Tuesday, April 8, 2008

Orestes Brownson on the oppression of "Free Labour"

Orestes Brownson was a late convert to Catholicism in the 19th century, and described by the Ven. John Henry Cardinal Newman as "The Greatest thinker the United States has ever produced."

From The Boston Quarterly Review; 3 (1840): 368-370

In regard to labor, two systems obtain: one that of slave labor, the other that of free labor. Of the two, the first is, in our judgment, except so far as the feelings are concerned, decidedly the least oppressive. If the slave has never been a free man, we think, as a general rule, his sufferings are less than those of the free laborer at wages. As to actual freedom, one has just about as much as the other. The laborer at wages has all the disadvantages of freedom and none of its blessings, while the slave, if denied the blessings, is freed from the disadvantages.

We are no advocates of slavery. We are as heartily opposed to it as any modern abolitionist can be. But we say frankly that, if there must always be a laboring population distinct from proprietors and employers, we regard the slave system as decidedly preferable to the system at wages.

It is no pleasant thing to go days without food; to lie idle for weeks, seeking work and finding none; to rise in the morning with a wife and children you love, and know not where to procure them a breakfast; and to see constantly before you no brighter prospect than the almshouse.

Yet these are no infrequent incidents in the lives of our laboring population. Even in seasons of general prosperity, when there was only the ordinary cry of "hard times," we have seen hundreds of people in a not very populous village, in a wealthy portion of our common country, suffering for the want of the necessaries of life, willing to work and yet finding no work to do. Many and many is the application of a poor man for work, merely for his food, we have seen rejected. These things are little thought of, for the applicants are poor; they fill no conspicuous place in society, and they have no biographers.

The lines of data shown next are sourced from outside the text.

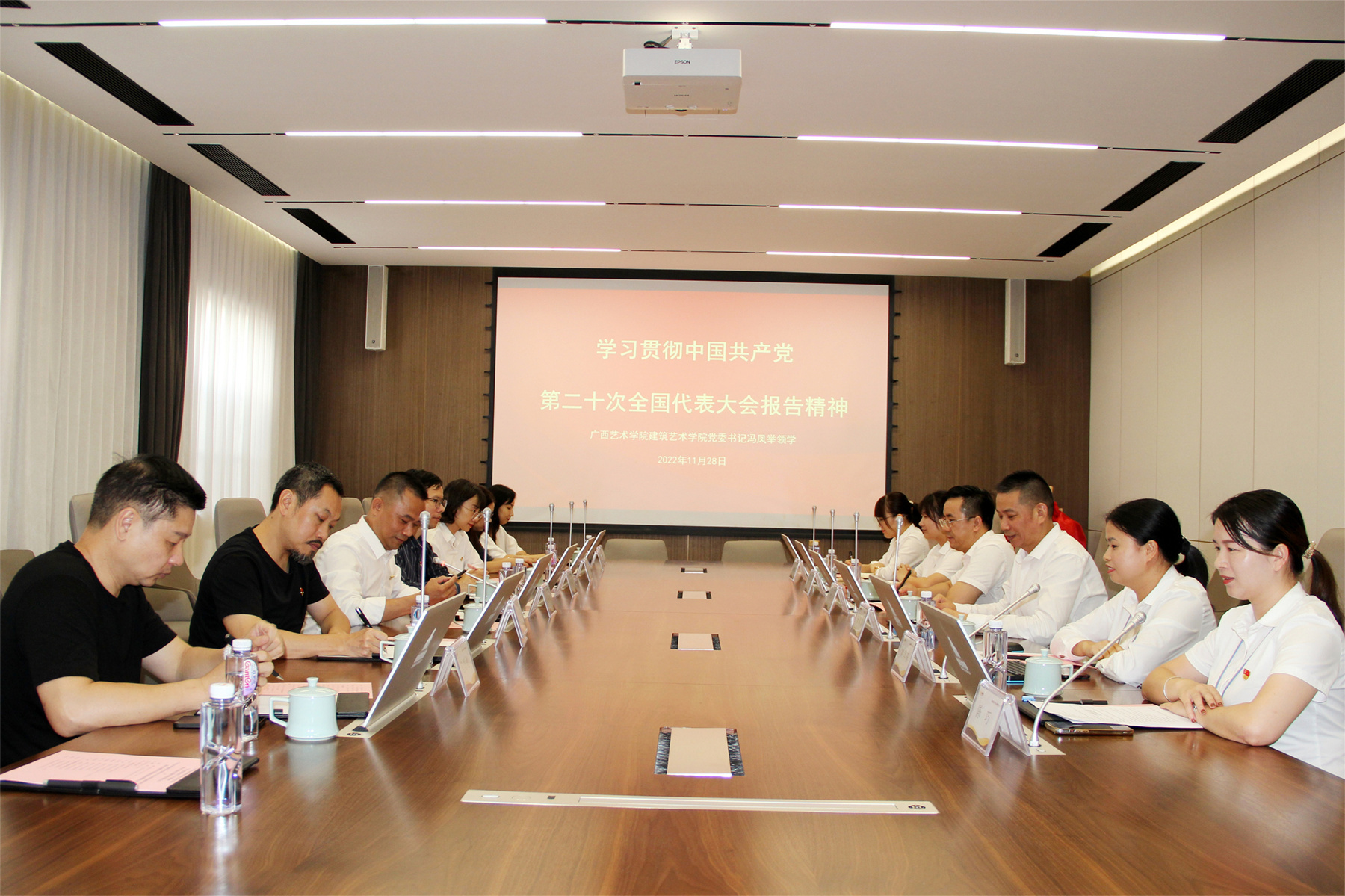 广西艺术学院建筑艺术学院党委书记冯凤举领学了二十大精神学习。与会全体党员均表示,将切实把思想和行动统一到深入学习贯彻党的二十大精神上来,把坚定拥护‘两个确立’、坚决做到‘两个维护’落实到日常工作,立足本职岗位,实干担当。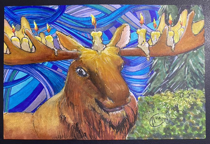 #art #markerart #quarantineart #postcardart #moose #hanukkahart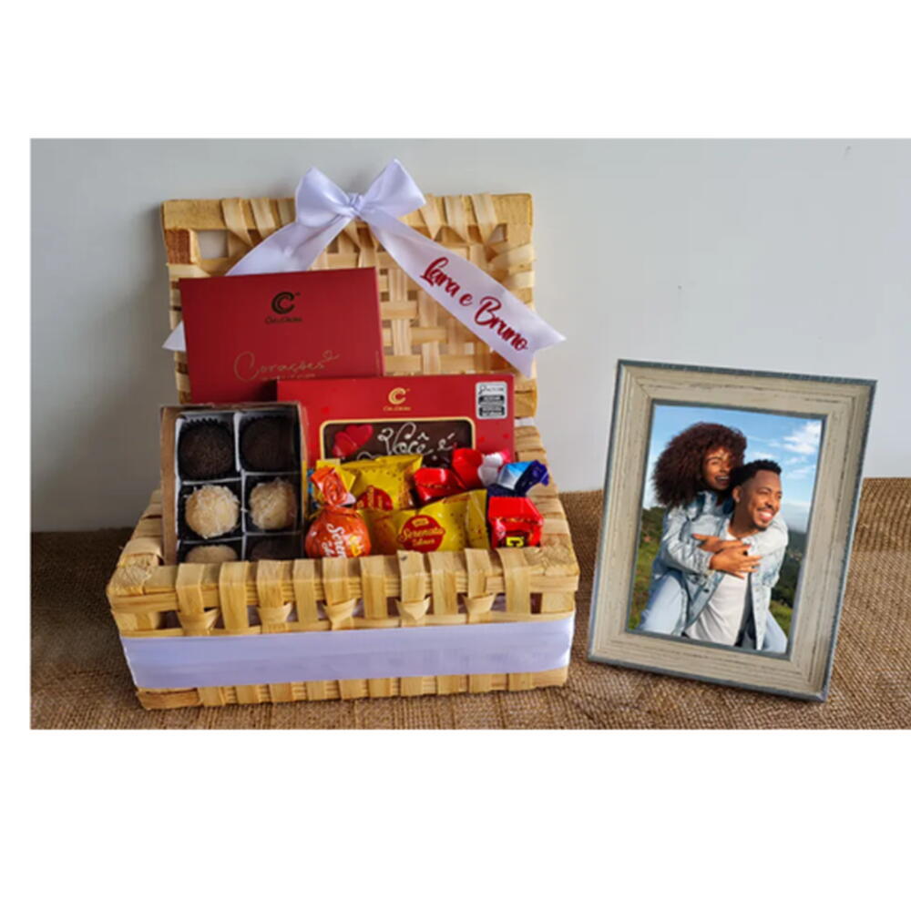 embalagem celofane - 1 un. chocolates sortidos - 10 un. laço rústico - 1 un. porta-retrato com foto impressa (tamanho 10x15 cm) - 1 un. cartinha dedicatória - 1 un. caixa com 7 corações de chocolate ao leite da cia do cacau (70g). - 1 un. mensagem de chocolate ao leite (45g): você é especial - 1 un. caixa com docinhos: 2 brigadeiros +2 beijinhos + 2 bem-casados - 1 un. baú artesanal em palha decorado com fita de cetim com o nome do presenteado gravado - 1 un.

But their wrongs are chronicled in heaven.

It is said there is no want in this country. There may be less in some other countries. But death by actual starvation in this country is, we apprehend, no uncommon occurrence. The sufferings of a quiet, unassuming but useful class of females in our cities, in general seamstresses, too proud to beg or to apply to the almshouse, are not easily told. They are industrious; they do all that they can find to do. But yet the little there is for them to do, and the miserable pittance they receive for it, is hardly sufficient to keep soul and body together.

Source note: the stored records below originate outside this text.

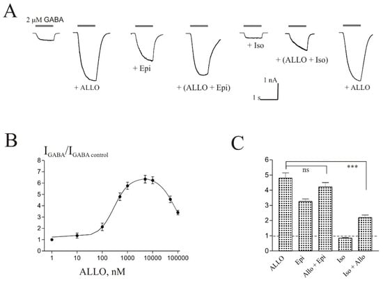 The effects of Epi and ALLO are not additive. (A) Representative traces of the current induced by 2 µM GABA in control and during co-application with 0.5 µM ALLO, 50 µM Epi, ALLO + Epi, 100 µM Iso, and ALLO + Iso. (B) Concentration dependence of ALLO effect on the normalized peak amplitude of IGABA. (C) Mean ± SEM of the normalized values of the peak amplitude of IGABA in the presence of ALLO (0.5 µM), Epi (50 µM), ALLO + Epi, Iso (100 µM), Iso + ALLO. The control value is indicated by a dashed line. Data points represent average from seven cells. *** Means p < 0.001, ns means not significant.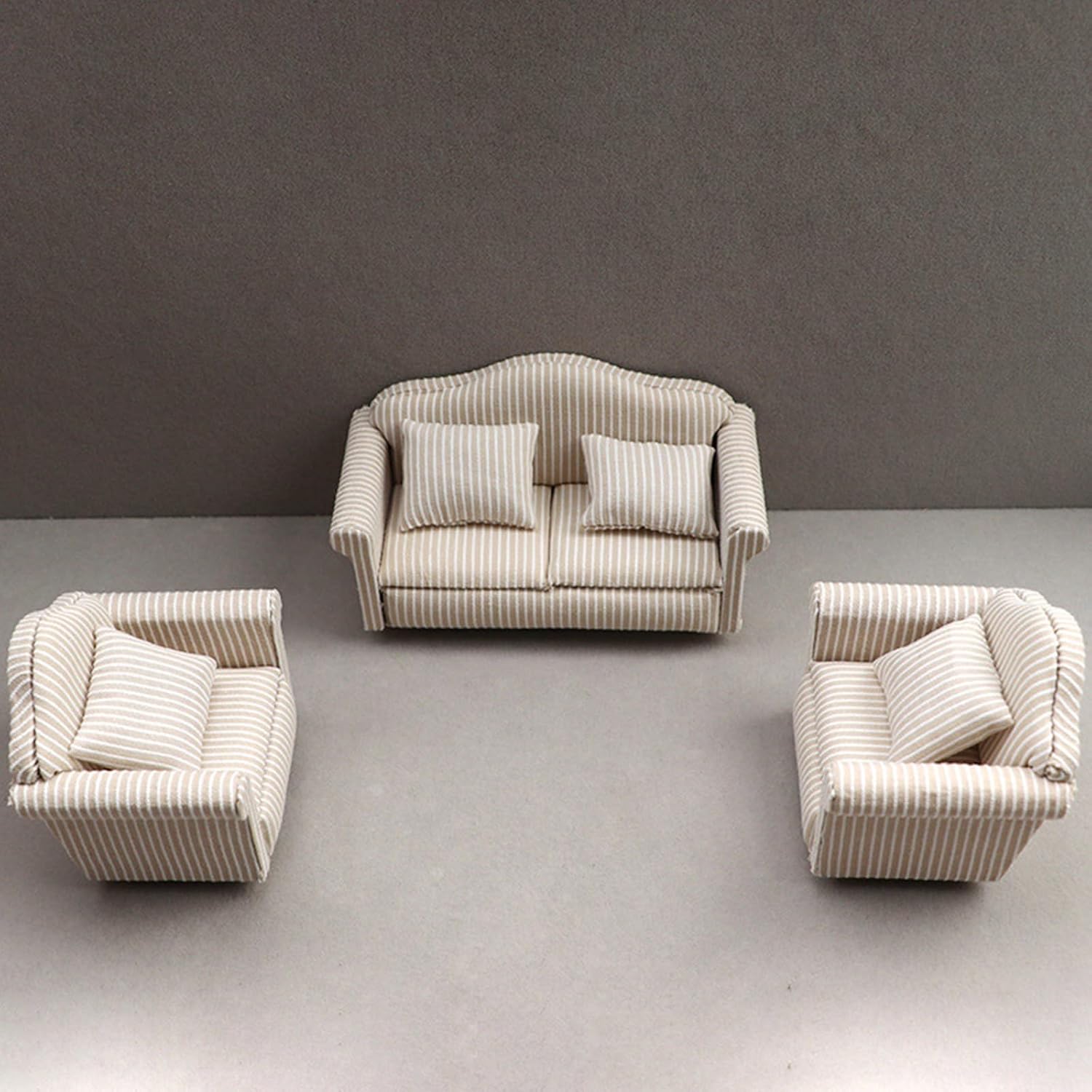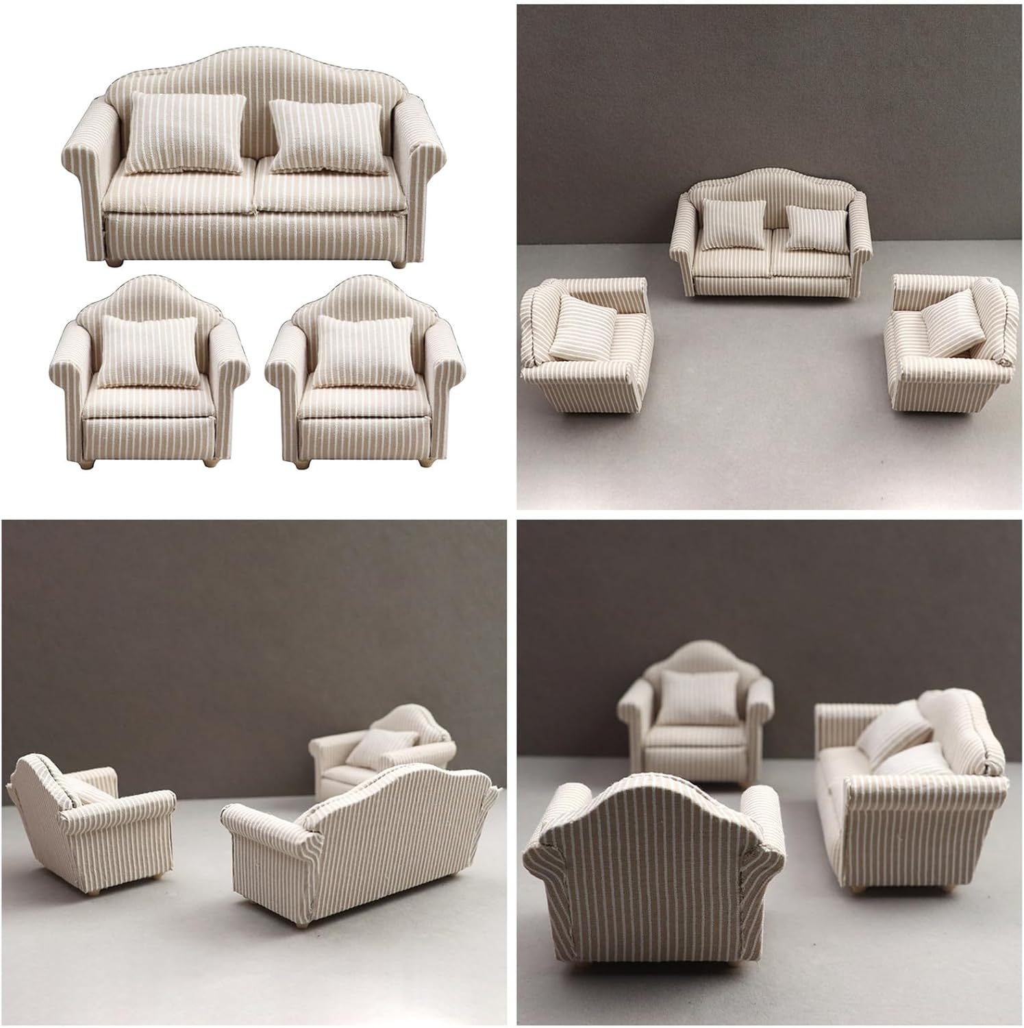 Aggiungi uno strato di raffinatezza al mondo in miniatura; questo set di divani da 3 pezzi non è solo un accesso per la narrazione, ma serve anche come decorazione artistica per gli appassionati di età Migliora la tua casa delle bambole con un set di divani in miniatura, di stili che portano a qualsiasi collezione in miniatura Con meticolosa attenzione ai dettagli, il set presenta una struttura morbida, in tessuto e legno, che rispecchia l'intricato dettaglio di mobili di dimensioni standard Questo set di divani in scala 1 12 per vari ambienti all'interno di una casa delle bambole, dal soggiorno alle eleganti camere da letto o alla sofisticata scena dell'ufficio per i bambini che fantasiosi Giocare con case delle bambole e collezionisti adulti per migliorare le loro esposizioni in miniatura con artigianato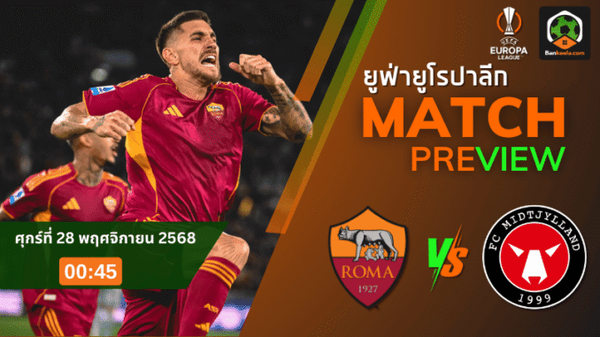 คืนวันศุกร์ที่ 28 พฤศจิกายน 2568 เวลา 00.45 น. ตามเวลาไทย สนามสตาดิโอ โอลิมปิโก้จะลุกเป็นไฟ เมื่อเจ้าถิ่น เอเอส โรม่า เปิดบ้านรับการมาเยือนของ มิดทิลแลนด์ ทีมฟอร์มแรงจากเดนมาร์กในศึกยูฟ่า ยูโรปาลีก รอบแบ่งกลุ่ม เกมนี้ราคาเปิดมาให้หมาป่ากรุงโรมเป็นต่อที่หนึ่งลูกควบครึ่ง ถือว่าแรงสมชื่อทีมใหญ่จากกัลโช่ แต่ฝั่งทีมเยือนกำลังมั่นใจสุดขีดจากการชนะในเวทียุโรปต่อเนื่องหลายเกม ทำให้แมตช์นี้กลายเป็นคู่ที่สายเชียร์ต้องขีดเส้นสีแดงไว้ในหน้าเว็บ ตารางบอลวันนี้ แบบห้ามพลาด

And yet there is a man who employs them to make shirts, trousers, etc., and grows rich on their labors. He is one of our respectable citizens, perhaps is praised in the newspapers for his liberal donations to some charitable institution. He passes among us as a pattern of morality and is honored as a worthy Christian. And why should he not be, since our Christian community is made up of such as he, and since our clergy would not dare question his piety lest they should incur the reproach of infidelity and lose their standing and their salaries? . . .

The average life--working life, we mean--of the girls that come to Lowell, for instance, from Maine, New Hampshire, and Vermont, we have been assured, is only about three years. What becomes of them then? Few of them ever marry; fewer still ever return to their native places with reputations unimpaired. "She has worked in a factory" is almost enough to damn to infamy the most worthy and virtuous girl. . . .

Where go the proceeds of their labors? The man who employs them, and for whom they are toiling as so many slaves, is one of our city nabobs, reveling in luxury; or he is a member of our legislature, enacting laws to put money in his own pocket; or he is a member of Congress, contending for a high tariff to tax the poor for the benefit of the rich; or in these times he is shedding crocodile tears over the deplorable condition of the poor laborer, while he docks his wages 25 percent. . . . And this man too would fain pass for a Christian and a republican. He shouts for liberty, stickles for equality, and is horrified at a Southern planter who keeps slaves.

One thing is certain: that, of the amount actually produced by the operative, he retains a less proportion than it costs the master to feed, clothe, and lodge his slave. Wages is a cunning device of the devil, for the benefit of tender consciences who would retain all the advantages of the slave system without the expense, trouble, and odium of being slaveholders.


Anonymous said...

Thank you for posting something regarding Orestes Brownson. I have only just discovered him. It is too bad that more modern protestants do not do what he did or become as learned as he was.

Athanasius said...

I know! much like Chesterton, he is a convert discovered only lately, although Chesterton is much more ubiquitous now. It is always fascinating to me, how people of great account are not remembered, or for a time are forgotten! In the 13th century, no one took much notice of St. Thomas or of St. Bonaventure in terms of accepting them as great thinkers in university life. The real master at their time was Alexander of Hales, and he eclipsed every thinker around him. Today, even an agnostic has heard of St. Thomas Aquinas, but Catholic students in philosophy might never hear the name of Alexander of Hales.

So with Brownson. It is as if the protestant culture at the time willed to forget him in a way Anglicanism could not forget Newman.

Anonymous said...

Here is a link for a free book at google books concerning Orestes Brownson:


Philip I believe it is, it is up to us and people like us to put a mirror up to the face of the Church in America.